SMS, a traditional medicine, is a mixture of Panax ginseng, Ophiopogon japonicas, and Schisandra chinensis. In a recent study, SMS was used to treat symptoms of cardiovascular diseases, such as heart failure and stroke, as well as neuronal damage [10-12]. Even though SMS is widely used in clinics, further research is needed to assess the safety of the medication by using tox-icity tests. Toxicity tests are mostly used to examine the toxicity of a specific sample and to calculate the No-Observed Adverse-Effect Level (NOAEL) volume.

In this study, the toxicity test was performed at Biotoxtech (Chungwon, Korea), an institute certified to perform non-clinical studies under the regulations of GLP. During the observation period, no mortality occurred in any of the four groups. The medium- and the high-dosage groups (G3 and G4, 0.2 and 0.3 mL/animal/day, respectively) showed signs of hemoglobinuria while the low-dosage group (G2, 0.1 mL/animal/day) showed no significant signs of hemoglobinuria.

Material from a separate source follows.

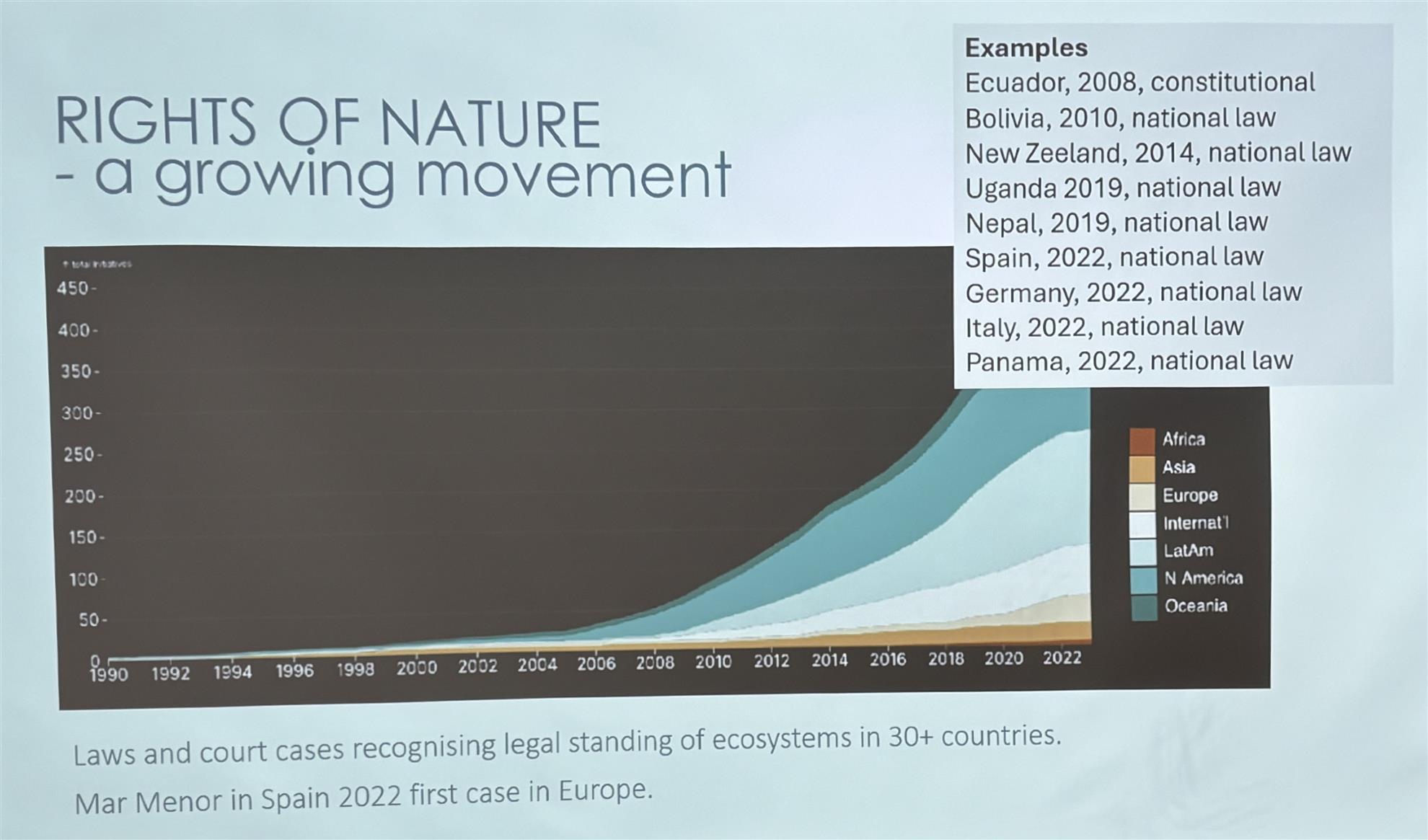 I många andra länder har det kommit upp många fall angående ”naturens rätt”. Människor försöker agera i naturens namn. Det finns utmaningar i många länder beroende på landets ledning.

In the medium-dosage group (0.2 mL/animal/ day), from the 4th day, hemoglobinuria was observed in 8 male rats, and from the 9th day, it was observed in 10 female rats. In the high-dosage group (0.3 mL/animal/day), hemoglobinuria was observed in all animals from the 1st day.

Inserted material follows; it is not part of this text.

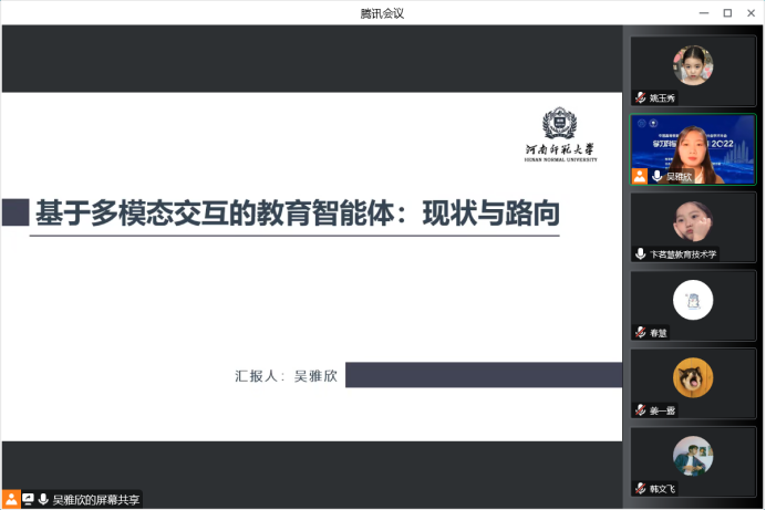 学部2022级教育技术学硕士研究生吴雅欣在导师朱珂指导下,向会议投稿并被成功录用。受会议主办方邀请,吴雅欣在学习技术子会议作了题为“基于多模态交互的教育智能体:现状与路向”的报告,她系统阐述了团队在“教育智能体”领域近年来的研究成果。分论坛嘉宾北京师范大学郑兰琴教授、长江学者张婧婧教授等对报告进行了点评,对于团队前期的研究给予了充分肯定。

No significant differences in body weight and food consumption were observed.

Additionally, no abnormalities were detected in the ophthalmological tests. Compared to the control group, male rats in groups 3 and 4 (0.2 and 0.3 mL/animal/day) exhibited increased occult blood, and female rats in groups 3 and 4 (0.2 and 0.3 mL/animal/day) exhibited significantly increased protein. Also, groups 2, 3 and 4 (0.1, 0.2 and 0.3 mL/animal/day) showed increased bilirubin and occult blood. In the medium-dosage group (0.2 mL/animal/ day) and the high-dosage group (0.3 mL/animal/day), one and two cases, respectively, of amber-colored urine were observed in female rats. However, corpuscular, creatinine and histopathological findings showed no significant changes. No remarkable changes were observed in the hematological examination. Finally, no changes were observed in the blood chemistry, necropsy, or histopathological examinations.

5. Conclusion

In conclusion, the present study corroborated that administration of 0.1 mL/animal/day of SMS did not cause any significant changes in body weight, food consumptions or the results of hematological, blood biochemistry, and necropsy examinations. Also, no mortality was observed in any group, which indicates that SMS pharmacopuncture can be used as a safe treatment.